* Work to be completed *
When the line with "3. 싱가포르는 현대적이고" turns up below, begin repeating exactly, and carry on through the line with "Een mooie uitnodigingskaart"; no pictures go into the copy.

* Extracted information *
----------

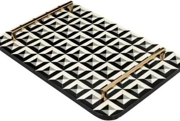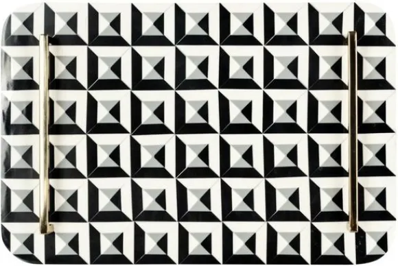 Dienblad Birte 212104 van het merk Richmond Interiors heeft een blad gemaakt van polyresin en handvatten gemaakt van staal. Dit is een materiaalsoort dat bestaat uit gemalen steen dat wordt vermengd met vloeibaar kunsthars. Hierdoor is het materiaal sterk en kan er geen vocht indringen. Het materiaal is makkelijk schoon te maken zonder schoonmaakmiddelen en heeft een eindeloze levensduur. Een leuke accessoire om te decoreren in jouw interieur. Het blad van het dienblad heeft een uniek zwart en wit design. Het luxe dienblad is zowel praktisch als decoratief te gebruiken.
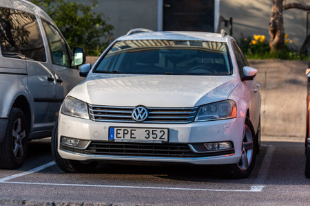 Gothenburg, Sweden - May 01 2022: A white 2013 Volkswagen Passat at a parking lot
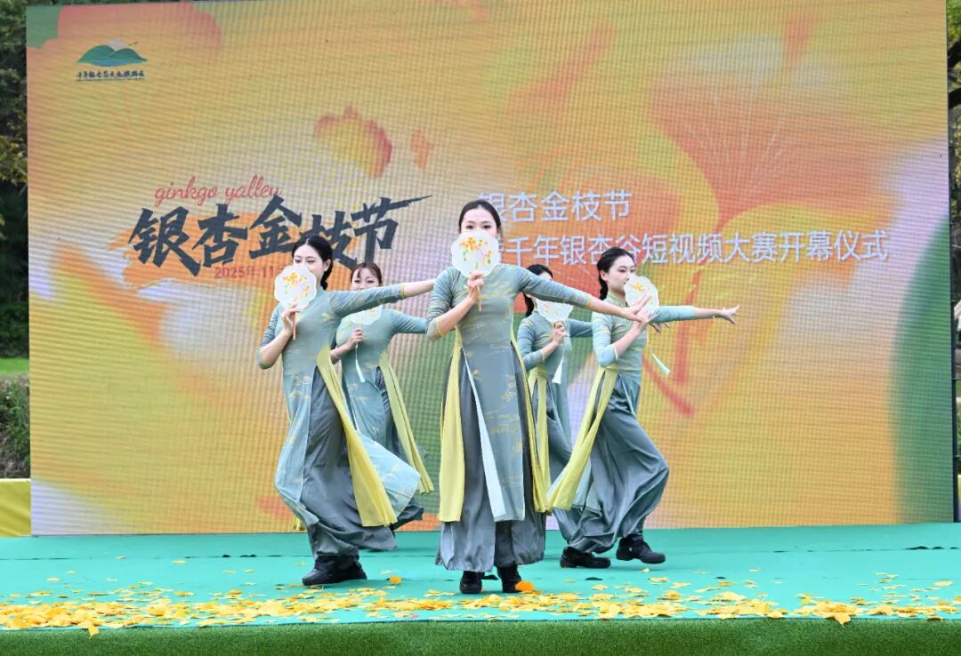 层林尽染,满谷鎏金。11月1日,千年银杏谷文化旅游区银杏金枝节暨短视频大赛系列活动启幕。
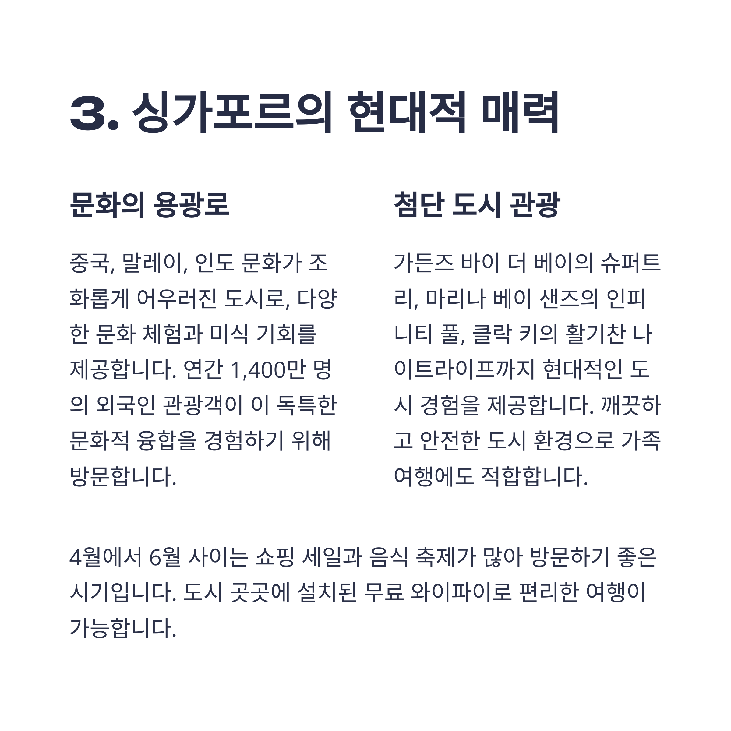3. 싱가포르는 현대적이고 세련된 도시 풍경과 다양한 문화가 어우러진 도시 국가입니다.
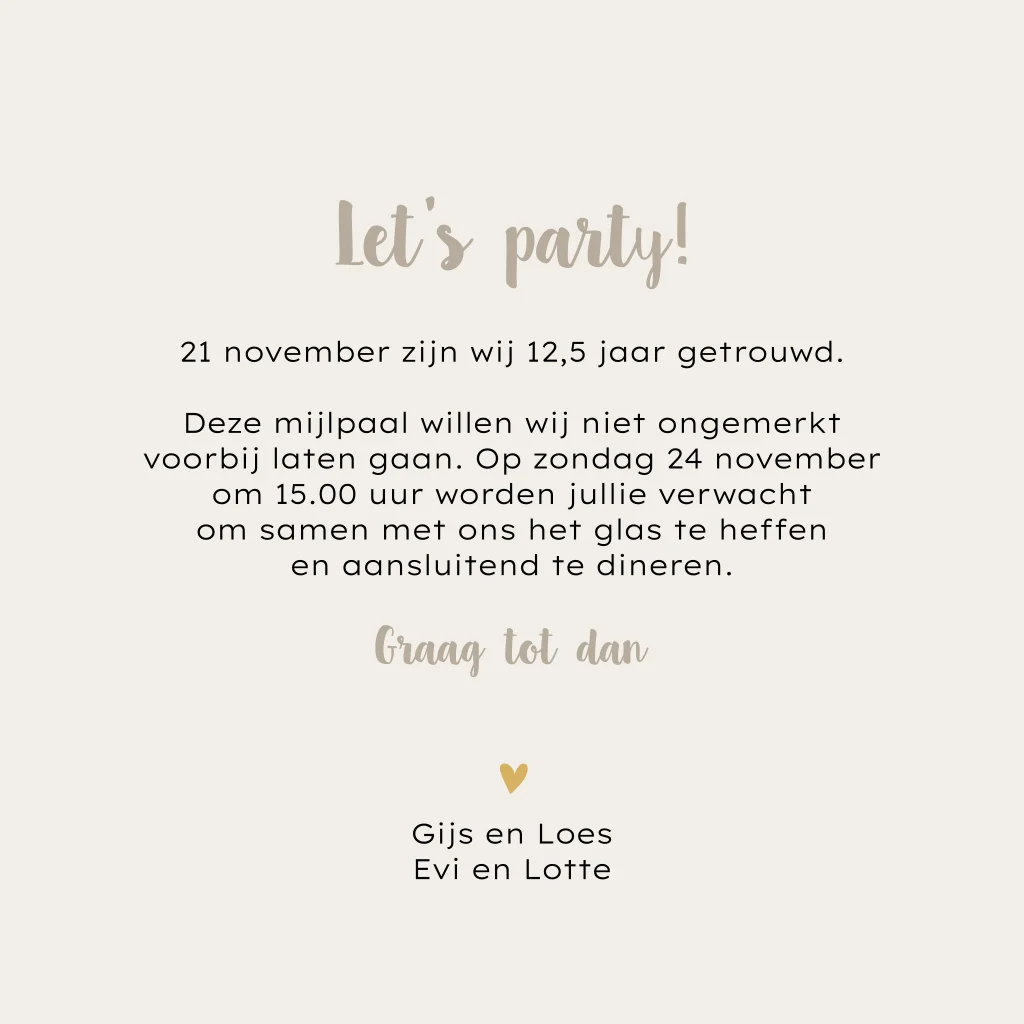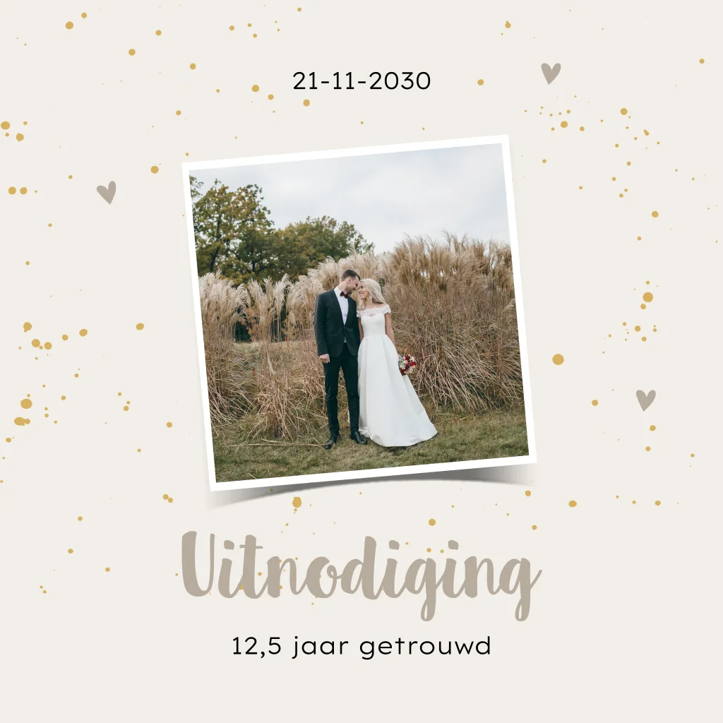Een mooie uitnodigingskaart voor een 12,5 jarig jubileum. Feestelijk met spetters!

----------

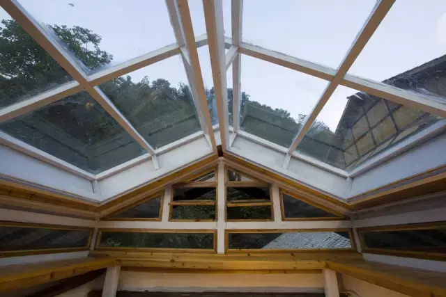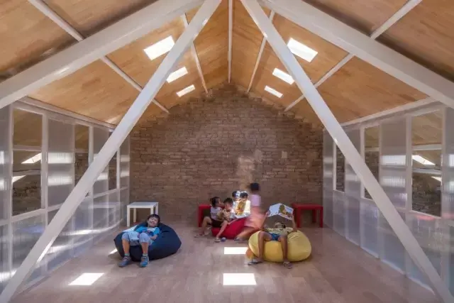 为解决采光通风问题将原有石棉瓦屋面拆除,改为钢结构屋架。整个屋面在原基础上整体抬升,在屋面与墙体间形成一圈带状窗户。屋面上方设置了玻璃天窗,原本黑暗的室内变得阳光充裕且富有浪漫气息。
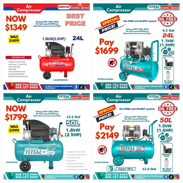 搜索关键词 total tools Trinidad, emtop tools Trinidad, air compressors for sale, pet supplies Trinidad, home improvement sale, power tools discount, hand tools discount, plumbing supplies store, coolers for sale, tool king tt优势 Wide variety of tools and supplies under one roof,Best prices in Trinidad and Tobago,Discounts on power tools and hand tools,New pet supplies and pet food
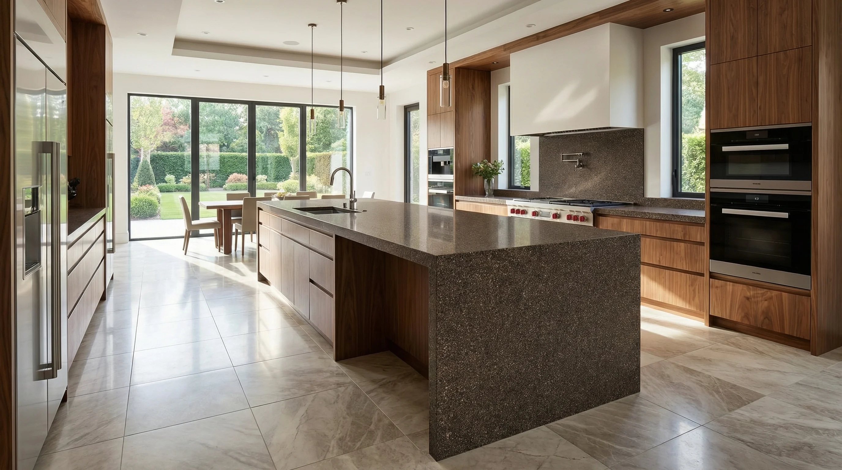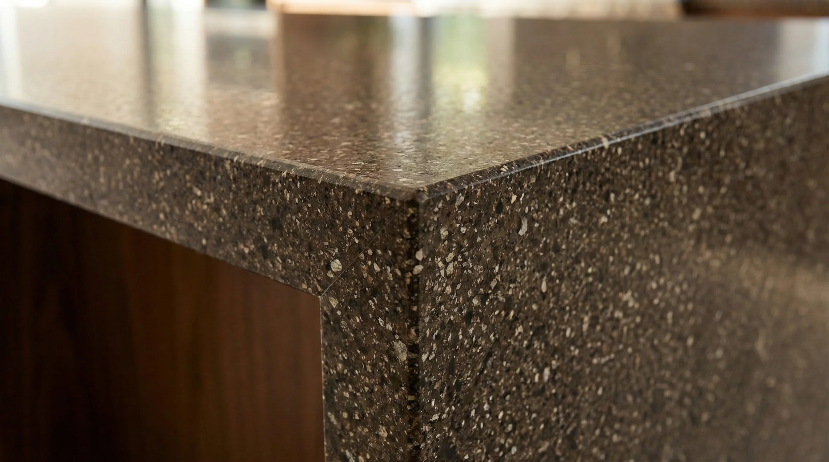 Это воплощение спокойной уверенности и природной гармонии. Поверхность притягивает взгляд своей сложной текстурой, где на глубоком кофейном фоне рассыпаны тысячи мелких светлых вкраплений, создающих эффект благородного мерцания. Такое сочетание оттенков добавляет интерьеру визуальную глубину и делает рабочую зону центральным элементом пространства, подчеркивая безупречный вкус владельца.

----------

* Finished task *
3. 싱가포르는 현대적이고 세련된 도시 풍경과 다양한 문화가 어우러진 도시 국가입니다.
Een mooie uitnodigingskaart voor een 12,5 jarig jubileum. Feestelijk met spetters!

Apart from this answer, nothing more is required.